The council needs fresh blood and new ideas.”

  There was a long silence. Tallia looked from Esea to her seated twin, Hingis, who had been kicked by a mule as a boy. His head and upper body were as ugly and misshapen as she was perfectly formed; the left side of his chest was caved in and his face was a tilt-boned monstrosity. It was not a mirror to the inside.

  “The Magister can’t resign,” said Esea. “He or she can only be dismissed by the council or—”

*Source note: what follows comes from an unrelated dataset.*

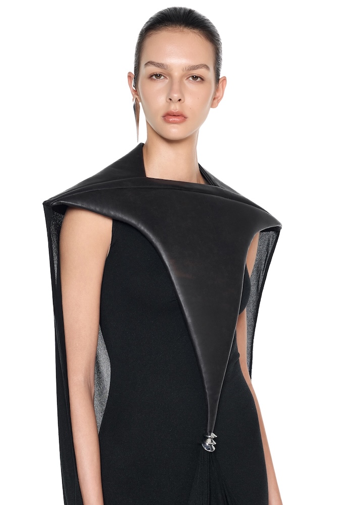 – DETAILS: SCULPTURAL SHOULDERS ACCENTS, SYMMETRICAL DRAPING CONCENTRATED AT THE HIPS, SCULPTURAL CONSTRUCTION, METAL DETAIL

  “Die in office,” said Tallia. “Too bad! I’m going. That’s why I invited you two to this meeting.”

  “Why?” Esea repeated.

  “I’m going home to Crandor.”

  “But you’ve lived in Thurkad for as long as I’ve known you. Longer.”

  “And I hate the place.” A tremor crept into Tallia’s voice and for once she did not try to conceal it. “My soul aches for my homeland: the tropic heat, the warm torrential rain, the wild and fecund jungle.” She looked away and said softly, “And even more for my family. I can’t bear it any longer.”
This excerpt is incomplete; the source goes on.